Now I need to get round to cutting the grass !

 

Don't know about the P settings, motor magnet count - what's that ? I'll see what the first ride gives me.

Motor magnet count is 16 and motor reduction ( I think) is 10.5 or 10.667 so gives P1 as 168/170.

P1 is criucial for motor performance, I swapped out a Bafang cst & a AKM128C to see which I preferred , both P1's were widely differrent . Forgetting to change the P1 , I couldn't reason why my Q128 cut out at 10mph. Reason beng P1 was set too low as was on the Bafang setting.

  • Author

Thanks Nealh.

The motor is a 328rpm 128H cst. They give this a gear ratio of 8.1, so is this the figure I multiply with 16 to get P1?

I get this to be 129/130.

  • Author

I took the bike out to Pembrey Park for a noodle round empty car parks.

The loss of weight and motor diameter has made a huge difference to handling, especially at low speed. The motor is quiet and loads less vibration than the Dillinger.
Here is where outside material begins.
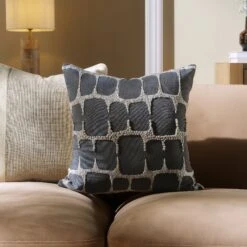 Wylder Collection French Knot Wool Embroidered Cushion – Cream Textured Decorative Pillow

P1 has been set to 130 and speed registration seems to be working correctly, at least in comparison to my wifes bike - questionable accuracy but near enough for now. Wattage in level 1 was in the region of 60-100watts. On level 5 bike went smoothly to 15.5mph then wattage backed off from (I spotted a max wattage of around 650). I will look to increase the cut off speed a smidge and look at maximum current.

Hydraulic brake switch is currently held in place by some pretty effective double sided tape, magnet by blutack and cable tie temporarily. Positions prooved now need to find best permanent fix.

 

Thanks to all who have helped throughout this conversion. As well as learming to ride a totally different bike form, I've built my first wheel and pushed my garden shed engineering abilities a bit further. I maybe 70 but I'm not retiring yet. :D

130 should be ok if 8.1 is the ratio, one can never be sure what the correct ratio is when listed.

 

AliExp simply lists 10.5 for both rpm's.